In the listing below, the answer starts at the line that has "가천대 건축학전공 방지윤(4)" and stops after the line that has "Vaporizador de Roupas"; please repeat that part exactly and nothing more.

*Material provided*

^^^^

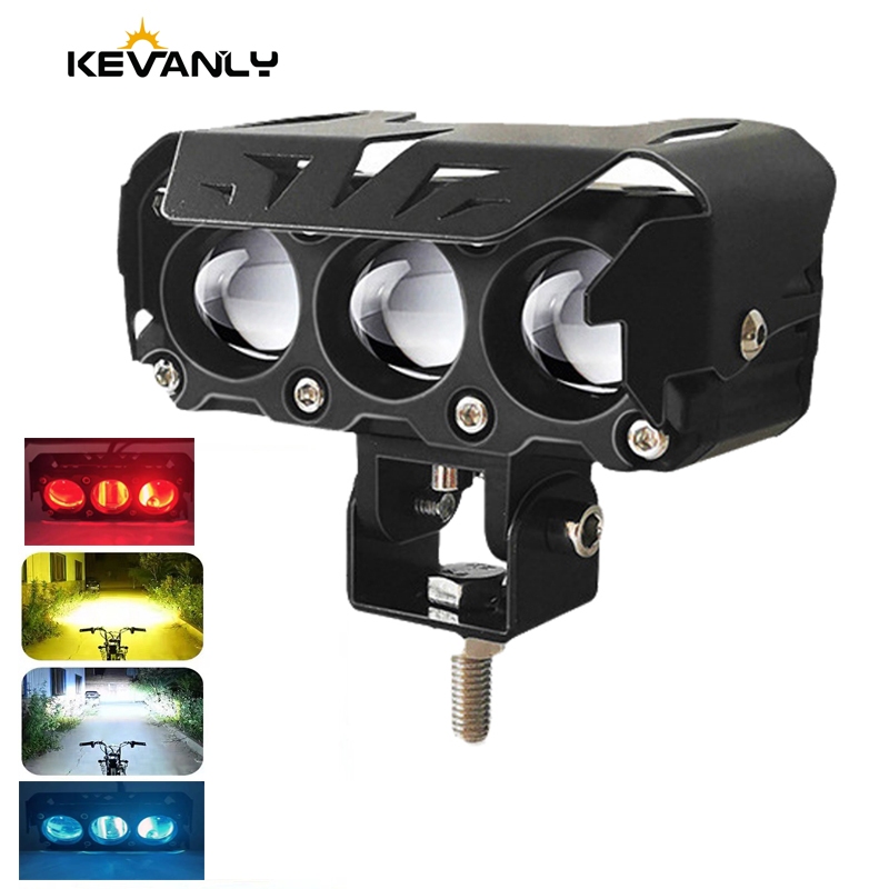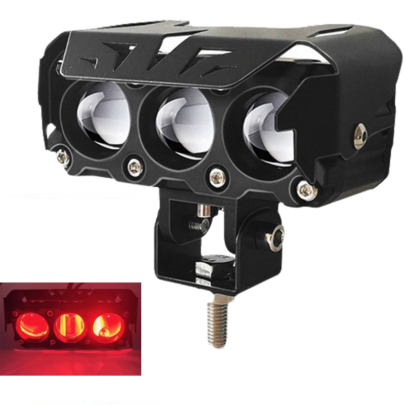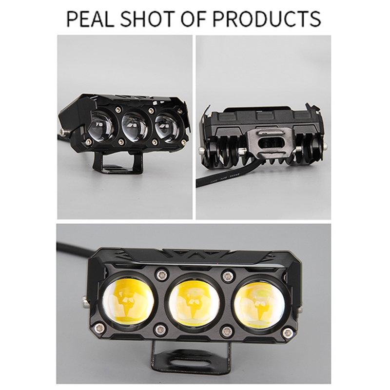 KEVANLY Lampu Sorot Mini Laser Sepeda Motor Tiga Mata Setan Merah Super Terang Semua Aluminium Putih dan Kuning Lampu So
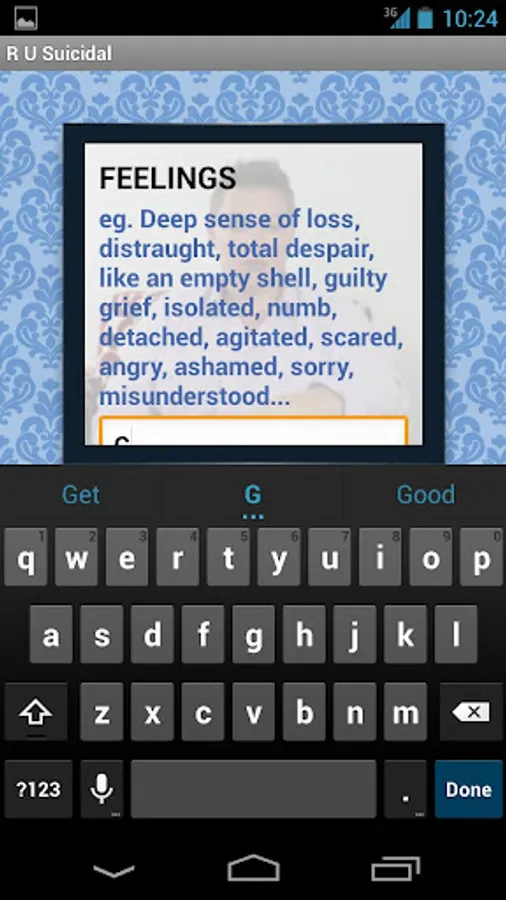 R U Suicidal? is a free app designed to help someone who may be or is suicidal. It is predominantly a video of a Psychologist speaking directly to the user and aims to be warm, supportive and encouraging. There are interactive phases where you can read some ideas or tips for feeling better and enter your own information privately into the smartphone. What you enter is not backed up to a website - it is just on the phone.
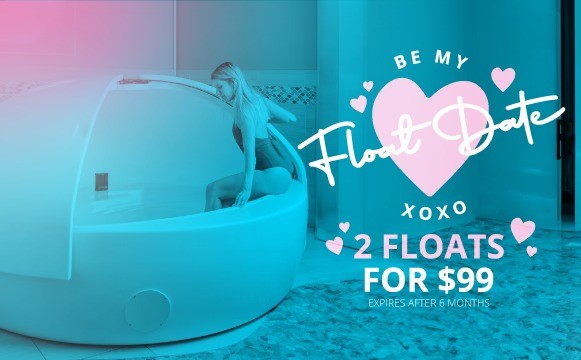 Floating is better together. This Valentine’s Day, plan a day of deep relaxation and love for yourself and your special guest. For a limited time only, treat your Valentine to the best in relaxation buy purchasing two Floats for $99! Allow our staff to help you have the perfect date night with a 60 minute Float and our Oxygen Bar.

^^^^

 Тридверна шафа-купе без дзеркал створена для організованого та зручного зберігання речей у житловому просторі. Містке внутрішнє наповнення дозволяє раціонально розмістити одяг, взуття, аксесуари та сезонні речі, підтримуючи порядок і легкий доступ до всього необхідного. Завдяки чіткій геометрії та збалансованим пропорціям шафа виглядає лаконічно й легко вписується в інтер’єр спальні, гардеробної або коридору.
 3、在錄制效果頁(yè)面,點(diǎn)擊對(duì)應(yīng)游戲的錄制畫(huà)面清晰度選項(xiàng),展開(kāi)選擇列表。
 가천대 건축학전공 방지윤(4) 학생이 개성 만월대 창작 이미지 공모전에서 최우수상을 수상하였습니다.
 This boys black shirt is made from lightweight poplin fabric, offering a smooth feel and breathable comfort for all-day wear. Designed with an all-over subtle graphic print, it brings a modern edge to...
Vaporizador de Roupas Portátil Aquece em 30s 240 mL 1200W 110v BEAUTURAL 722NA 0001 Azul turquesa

^^^^

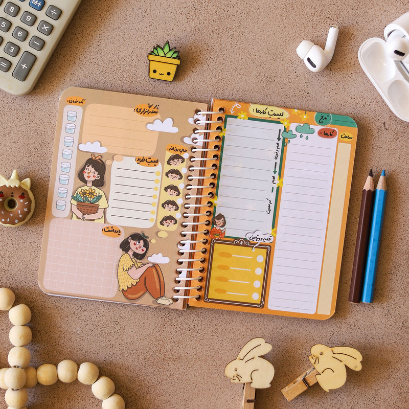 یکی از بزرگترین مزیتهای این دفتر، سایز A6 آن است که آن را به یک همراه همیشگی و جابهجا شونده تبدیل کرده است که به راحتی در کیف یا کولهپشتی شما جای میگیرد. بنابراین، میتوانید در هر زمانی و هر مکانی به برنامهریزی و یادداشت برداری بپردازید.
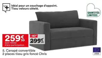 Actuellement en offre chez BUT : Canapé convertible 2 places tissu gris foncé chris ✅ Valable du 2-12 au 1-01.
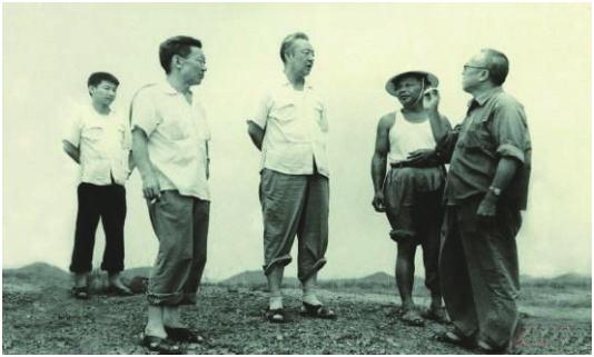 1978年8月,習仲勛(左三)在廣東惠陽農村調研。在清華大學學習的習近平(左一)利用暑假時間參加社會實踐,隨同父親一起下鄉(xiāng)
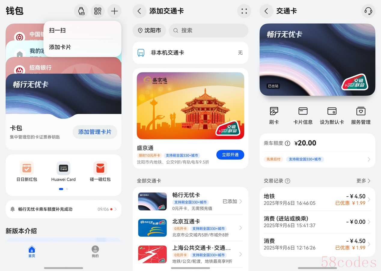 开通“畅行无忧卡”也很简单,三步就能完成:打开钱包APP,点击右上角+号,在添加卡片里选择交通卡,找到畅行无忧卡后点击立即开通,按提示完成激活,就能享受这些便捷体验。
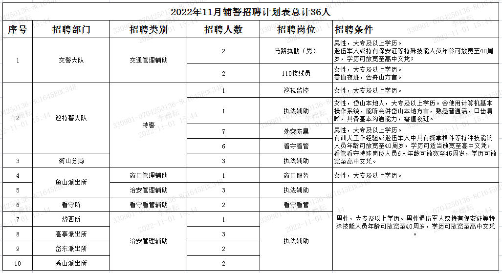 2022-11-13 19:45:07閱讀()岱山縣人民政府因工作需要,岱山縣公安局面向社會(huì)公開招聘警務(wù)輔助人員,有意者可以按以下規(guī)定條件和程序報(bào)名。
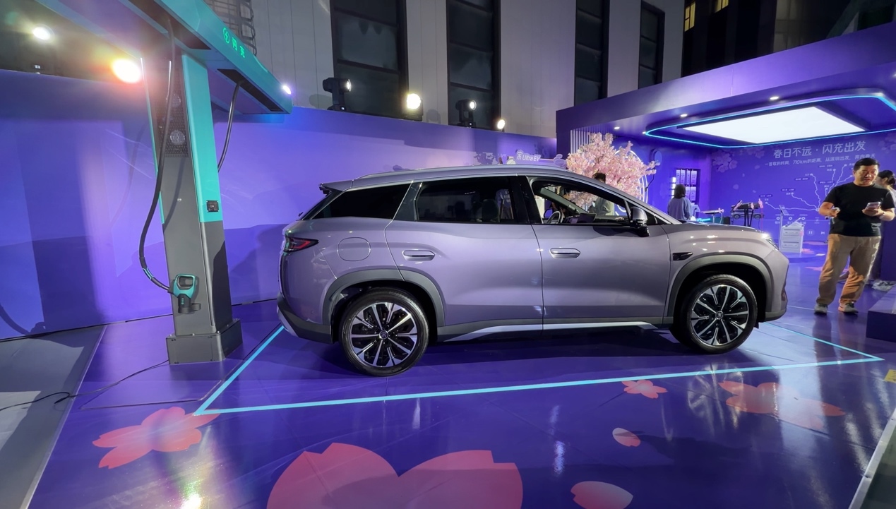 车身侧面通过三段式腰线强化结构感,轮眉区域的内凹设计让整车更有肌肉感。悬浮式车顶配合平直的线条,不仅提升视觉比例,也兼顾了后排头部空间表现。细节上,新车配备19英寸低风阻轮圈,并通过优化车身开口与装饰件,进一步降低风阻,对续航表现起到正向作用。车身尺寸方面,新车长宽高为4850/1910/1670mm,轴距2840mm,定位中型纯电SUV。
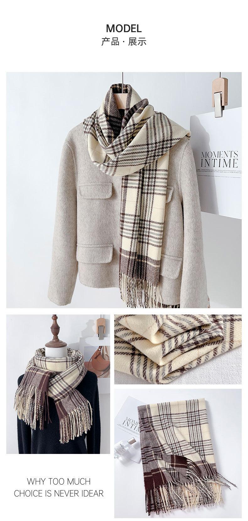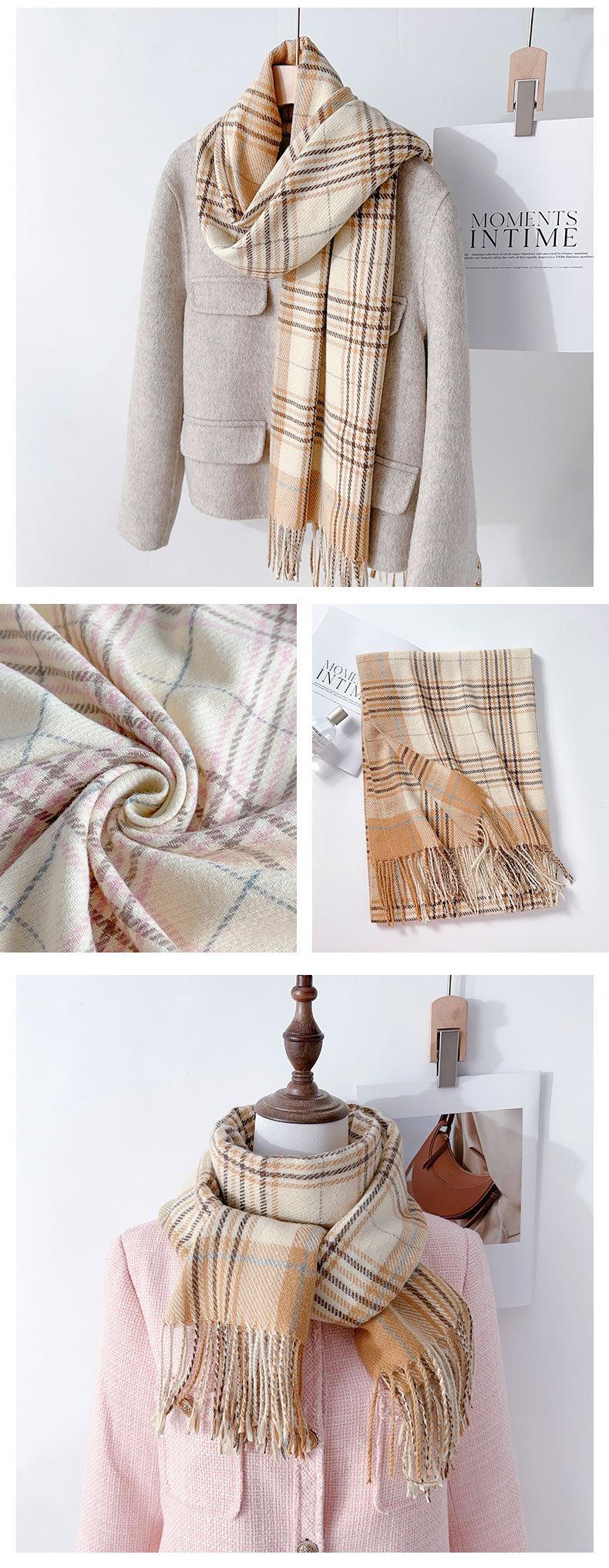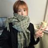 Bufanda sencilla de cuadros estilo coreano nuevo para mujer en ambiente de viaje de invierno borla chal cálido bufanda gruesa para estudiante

^^^^

*Solution for this task*
 가천대 건축학전공 방지윤(4) 학생이 개성 만월대 창작 이미지 공모전에서 최우수상을 수상하였습니다.
 This boys black shirt is made from lightweight poplin fabric, offering a smooth feel and breathable comfort for all-day wear. Designed with an all-over subtle graphic print, it brings a modern edge to...
Vaporizador de Roupas Portátil Aquece em 30s 240 mL 1200W 110v BEAUTURAL 722NA 0001 Azul turquesa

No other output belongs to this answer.